The thing is, you couldn’t blame Vijay if he had reacted in that manner, could you? So, who would you blame if he did react like that? His “hot-blooded” attitude? Or, would you lay the blame where it deserves to be … with Steve Smith.

This was yet another “brain-fade” from the Aussie skipper who should by now be well off his “P” plates, but is clearly not. He fully deserves every censure possible from the ICC for this flagrant breach of what is “acceptable behaviour”, and for bringing the game into disrepute. Not only that, but Smith’s own Board must issue the strongest possible reprimand, with a reminder that as Captain, certain behaviour is mandatory.

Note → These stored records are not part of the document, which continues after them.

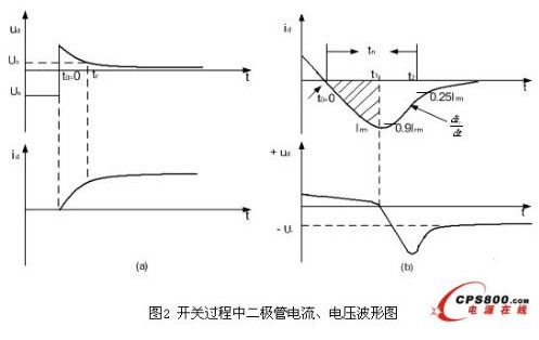 開關(guān)管工作在硬開關(guān)條件下開關(guān)電源自身產(chǎn)生電磁干擾的根本原因,就是在其工作過程中的開關(guān)管的高速開關(guān)及整流二極管的反向恢復(fù)產(chǎn)生高di/dt和高dv/dt,它們產(chǎn)生的浪涌電流和尖峰電壓形成了干擾源。開關(guān)管工作在硬開關(guān)時還會產(chǎn)生高di/dt和高dv/dt,從而產(chǎn)生大的電磁干擾。圖1繪出了接感性負(fù)載時,開關(guān)管工作在硬開關(guān)條件下的開關(guān)管的開關(guān)軌跡,圖中虛線為雙極性晶體管的安全工作區(qū),如果不改善開關(guān)管的開關(guān)條件,其開關(guān)軌跡很可能會超出安全工作區(qū),導(dǎo)致開關(guān)管的損壞。由于開關(guān)管的高速開關(guān),使得開關(guān)電源中的高頻變壓器或儲能電感等感性負(fù)載在開關(guān)管導(dǎo)通的瞬間,迫使變壓器的初級出現(xiàn)很大的浪涌電流,將造成尖峰電壓。開關(guān)管在截止期間,高頻變壓器繞組的漏感引起的電流突變,從而產(chǎn)生反電勢E=-Ldi/dt,其值與電流變化率(di/dt)成正比,與漏感量成正比,疊加在關(guān)斷電壓上形成關(guān)斷電壓尖峰,從而形成電磁干擾。此外,開關(guān)管上的反向并聯(lián)二極管的反向恢復(fù)特性不好,或者電壓尖峰吸收電路的參數(shù)選擇不當(dāng)也會造成電磁干擾。由整流二極管的反向恢復(fù)引起的干擾源有兩個,它們分別是輸入整流二極管和輸出整流二極管。它們都是由電流的換向引起的干擾。由圖2表明,t0=0時二極管導(dǎo)通,二極管的電流迅速增大,但是其管壓降不是立即下降,而會出現(xiàn)一個快速的上沖。其原因是在開通過程中,二極管PN結(jié)的長基區(qū)注入足夠的少數(shù)載流子,發(fā)生電導(dǎo)調(diào)制需要一定的時間tr。該電壓上沖會導(dǎo)致一個寬帶的電磁噪聲。而在關(guān)斷時,存在于PN結(jié)長基區(qū)的大量過剩少數(shù)載流子需要一定時間恢復(fù)到平衡狀態(tài)從而導(dǎo)致很大的反向恢復(fù)電流。當(dāng)t=t1時,PN結(jié)開始反向恢復(fù),在t1-t2時間內(nèi),其他過剩載流子依靠復(fù)合中心復(fù)合,回到平衡狀態(tài)。這時管壓降又出現(xiàn)一個負(fù)尖刺。通常t2《t1,所以該尖峰是一個非常窄的尖脈沖,產(chǎn)生的電磁噪聲比開通時還要強(qiáng)。因此,整流二極管的反向恢復(fù)干擾也是開關(guān)電源中的一個重要干擾源。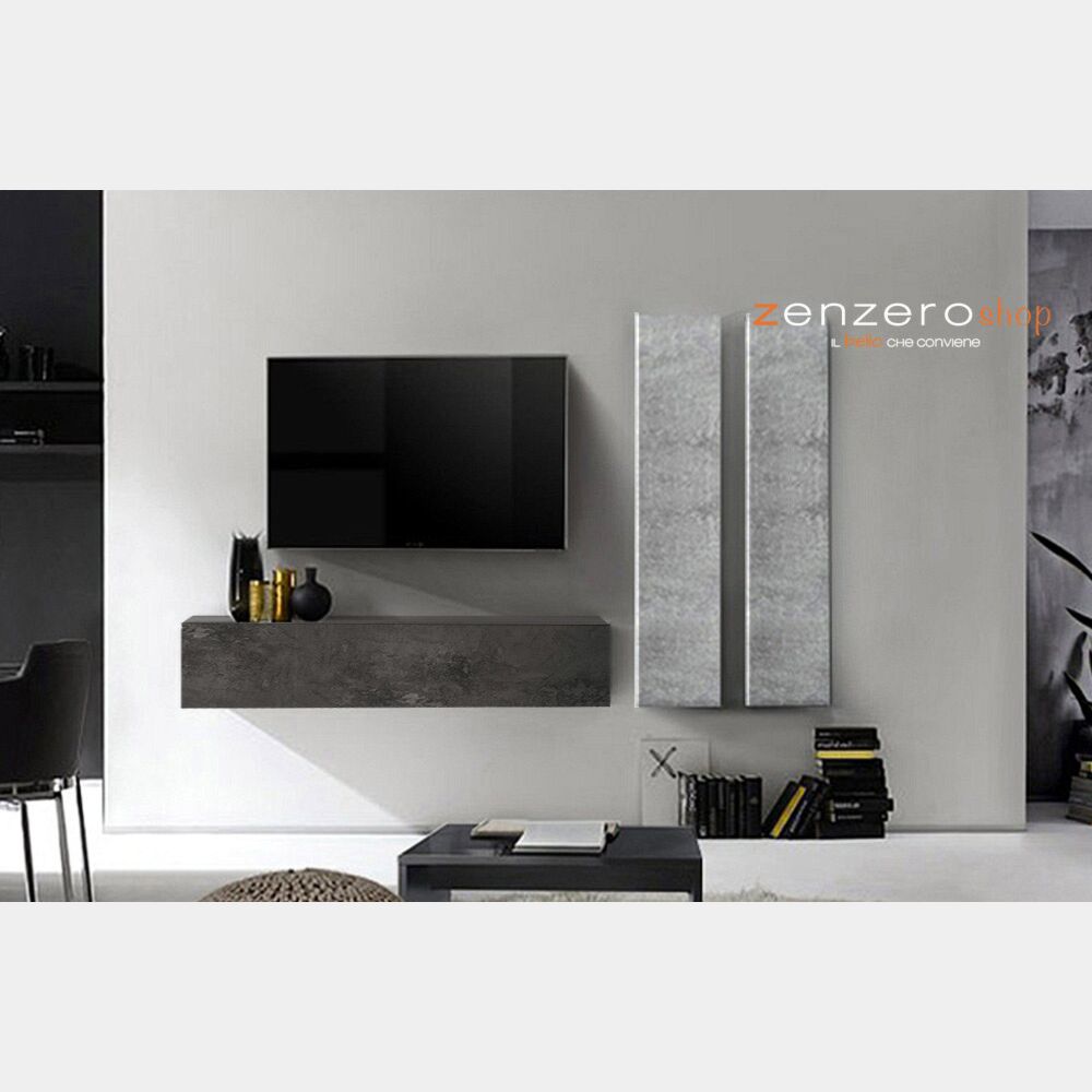 Parete attrezzata in Beton e Ossido, le forme logiche e rigorose risalteranno il vostro soggiorno, e il colore bianco, moderno, darà luminosità al vostro spazio quotidiano.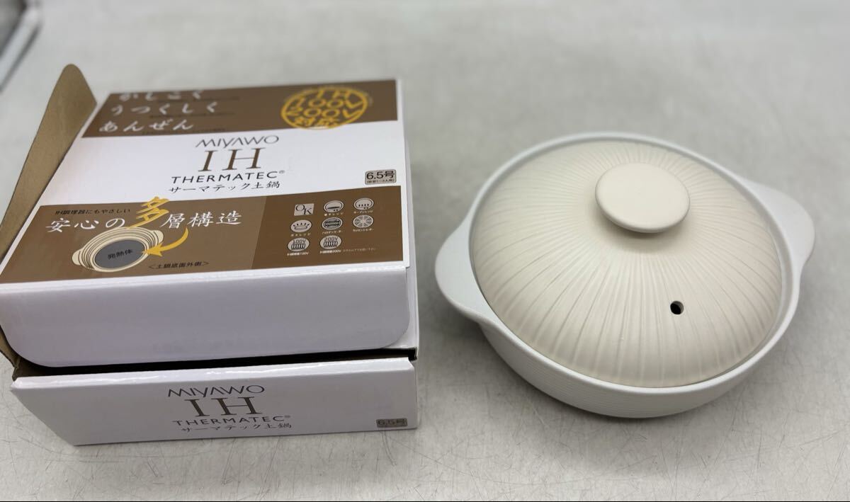 > 【保管品】MIYAWO IH THERMATEC サーマテック 土鍋 6.5号 未使用 多層構造 雑炊 鍋料理 すき焼き 箱付き DM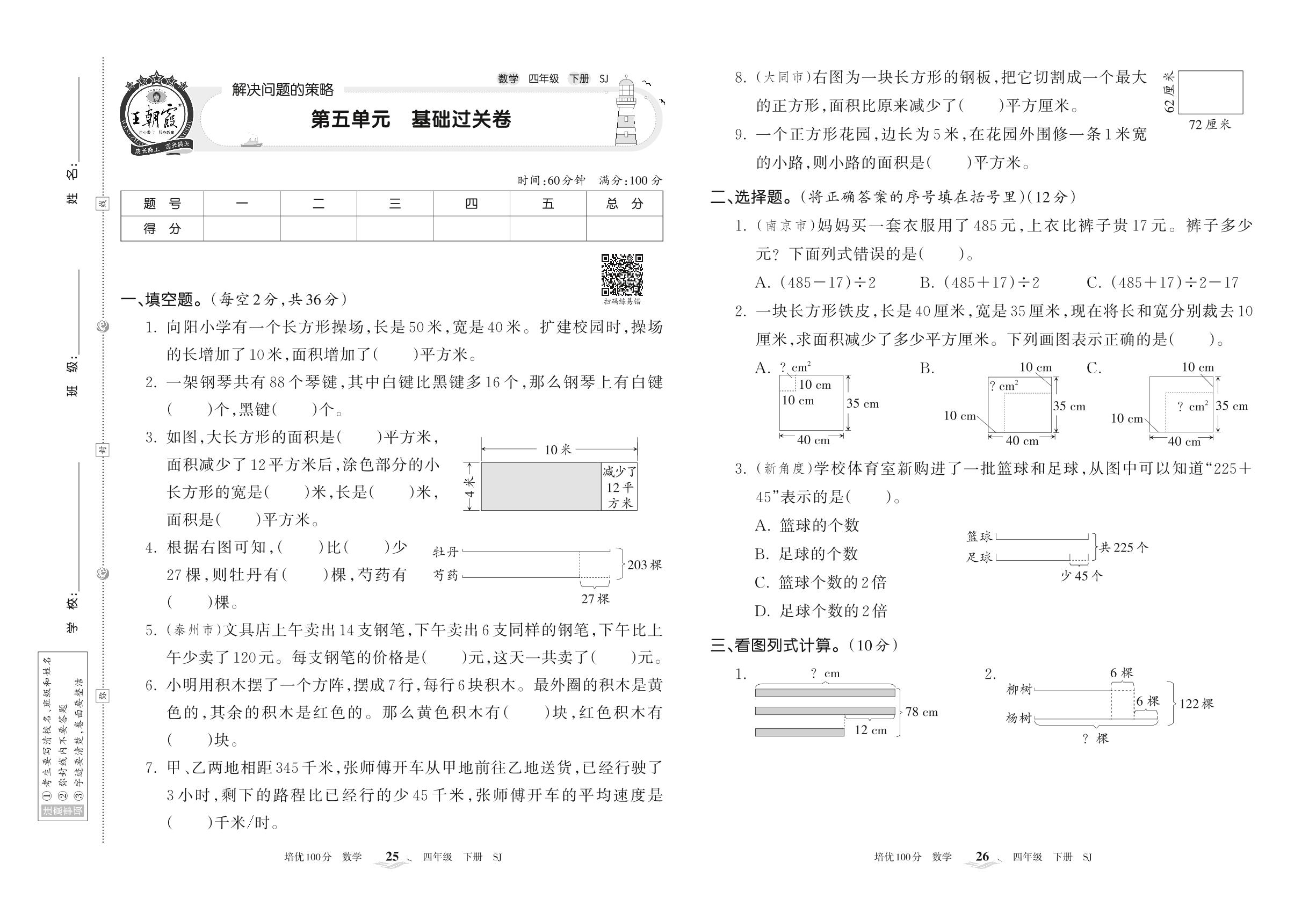 2022下册四年级数学苏教版 第五单元 基础过关卷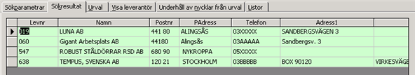 Man har möjlighet att ta fram/dölja kolumner tillfälligt via leverantörssökningen genom att högerklicka och välja "Ta fram kolumner". Där kan man markera/avmarkera aktuella kolumner. Om man vill ändra utseende "för evigt" på leverantörssökningsdialogen (ändra storlek, visning av kolumner i sökresultat osv) gör man det i sökdialogen via Huvudmeny - Stödrutiner - Registersökning - Leverantörssökning.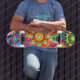 This colourful skateboard deck features mandalas in a floral, psychedelic design. A skateboard that is sure to turn heads and impress fellow boarders at the skate park.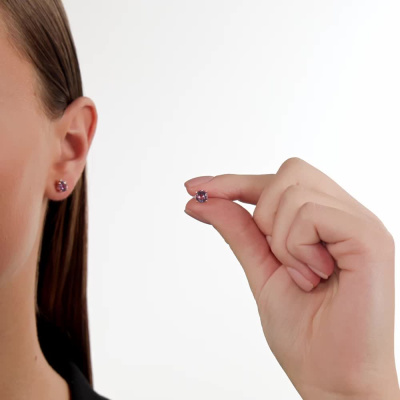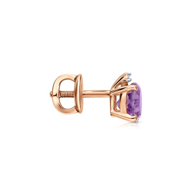 Серьги с 2 бриллиантами природными, 0.01 карат, огранка круг 57 граней, цвет 3, чистота 6, тип огранки А; 2 аметистами природными, 1.41 карат; Розовое золото 585 пробы.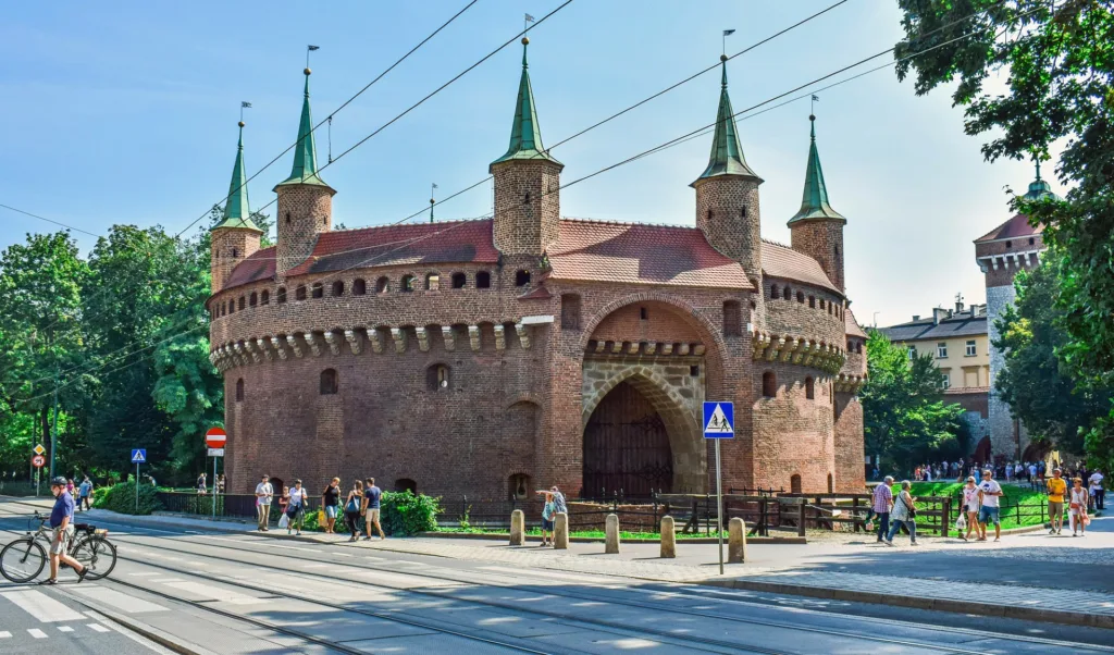Περάσαμε από την Πύλη St. Florian’s Gate και συνεχίσαμε το δρόμο που βρίσκεται μέσα στο δασύλλιο που κυκλώνει την παλιά πόλη έως ότου φτάσαμε σε μια άλλη κυκλική πύλη-οχυρό που βρίσκεται εκεί από τον Μεσαίωνα, το Μπάρμπικαν (Barbakan). Είναι ένα εντυπωσιακό κτίριο που συνδεόταν με τα τείχη της πόλης και ήταν παρατηρητήριο. Σήμερα είναι και αυτό ένα από τα αξιοθέατα της Κρακοβίας και μπορείτε να το επισκεφθείτε, αφού είναι τμήμα του Ιστορικού Μουσείου της πόλης.
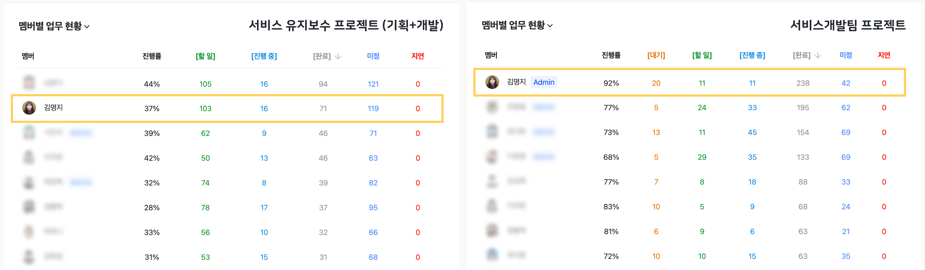 또한, 가장 많이 사용하는 프로젝트의 대시보드를 통해 멤버별 업무 현황을 살펴봤을 때, 기획과 개발이 함께 사용하는 유지보수 프로젝트와 내가 속한 개발팀의 프로젝트(주로 유지보수 외의 추가 개선 업무를 다루는 프로젝트) 모두에서 내 업무 완료 수가 1위였다.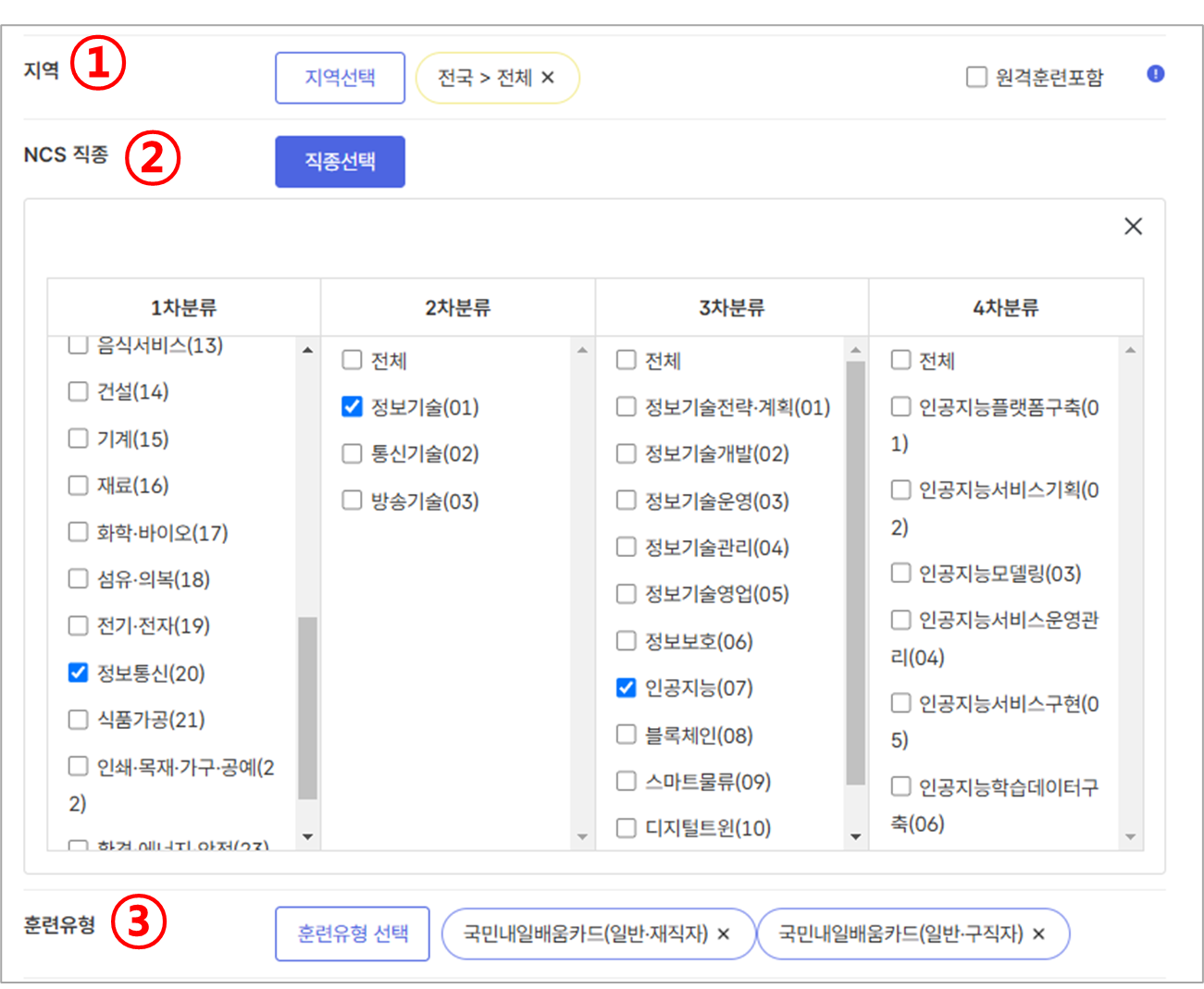 훈련유형은 '국민내일배움카드'를 선택해서 검색하면 내일배움카드 사용이 가능한 교육과정을 확인 가능합니다.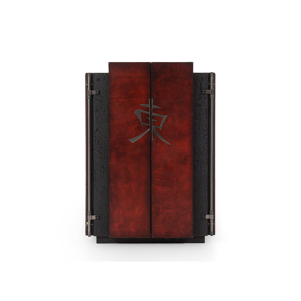 İtalyan sıva boya uygulamasıyla elde edilen özel yüzey dokusuna sahip, metal detaylarla tasarımı güçlendirilmiş vitrin.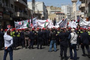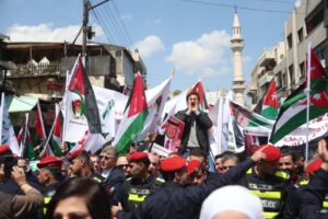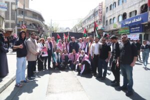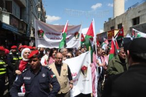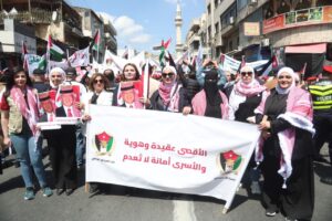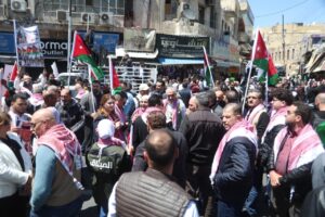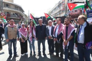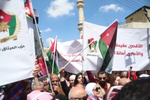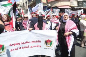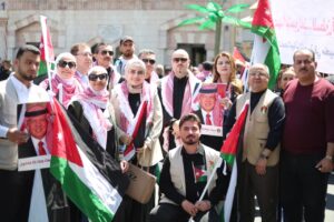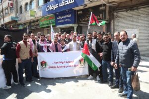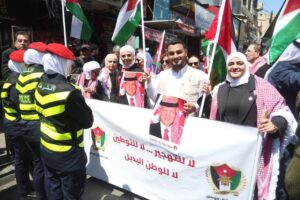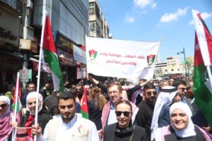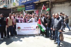 وجاءت مشاركة الحزب في هذه المسيرة، التي رُفعت فيها شعارات “لا لإغلاق الأقصى، لا لإعدام الأسرى”، تعبيرًا عن الالتفاف الشعبي والحزبي حول القيادة الهاشمية، وتأكيدًا على أن قضية القدس والمسجد الأقصى المبارك تمثل أولوية وطنية وقومية ثابتة لا تقبل المساومة.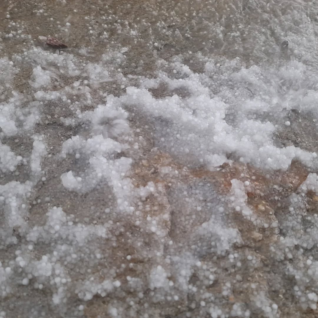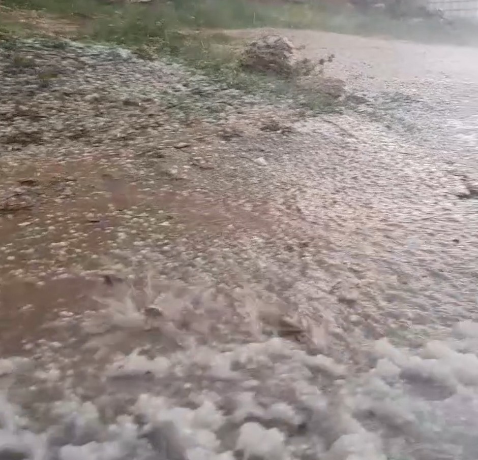 Yağış sırasında düşen dolu taneleri, mahallede zemini kısa sürede beyaza bürüdü. Vatandaşlar, yerde oluşan beyaz dolu birikintileriyle karşılaştı.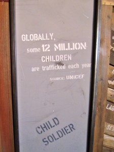 Another thing that’s crazy: This all didn’t happen that long ago. We are still feeling the affects of slavery on some level in the racial divide that we see today. And although not in its tradition form, an exhibit at the Freedom Center points out that slavery itself still exists in 2012. In 2009, there were 43 human trafficking prosecutions in the United States, split evenly between labor and sex trafficking.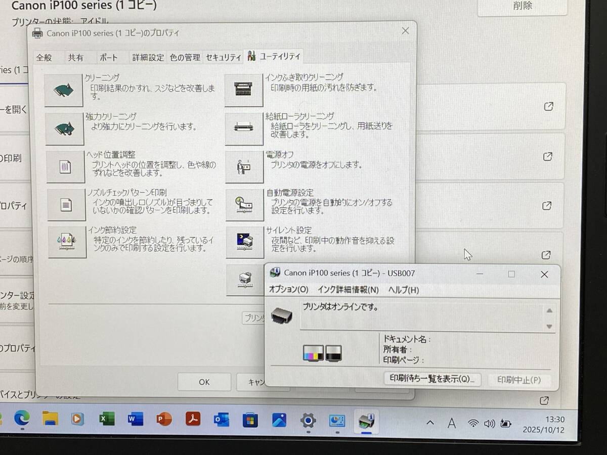動作品!美品!キャノン/Canon!ピクサス/PIXUS!インクジェット!モバイルプリンター!ip100!★純正インク使用でノズル正常動作品!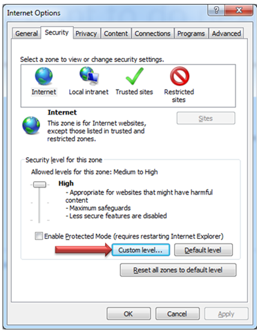After performing this task, you need to make sure that JavaScript is enabling in the browser. For that open Internet Option and select Security tab. In Security tab click on the Custom Level.

It is absolutely impossible for any members of either a team or their support staff to not fully understand that with so many cameras at Cricket grounds these days, their every move will be scrutinised, analysed, dissected and reported in every detail by an avaricious media. Remember the England player (no names) who was captured reacting to his dismissal at Newlands in Cape Town a couple of decades ago? Bet he never thought a camera would see him, but 3 different angles captured his “destruction” of not only the dressing room door, but half the dressing room to boot!

This incident is a blight on the noble game of Cricket, which (believe it or not) is a game for Gentlemen and Sportsmen. There is no place in this noble game for people who call their opponent(s) a “f . . .ing cheat”. Steve Smith needs to have a VERY long, hard look at himself.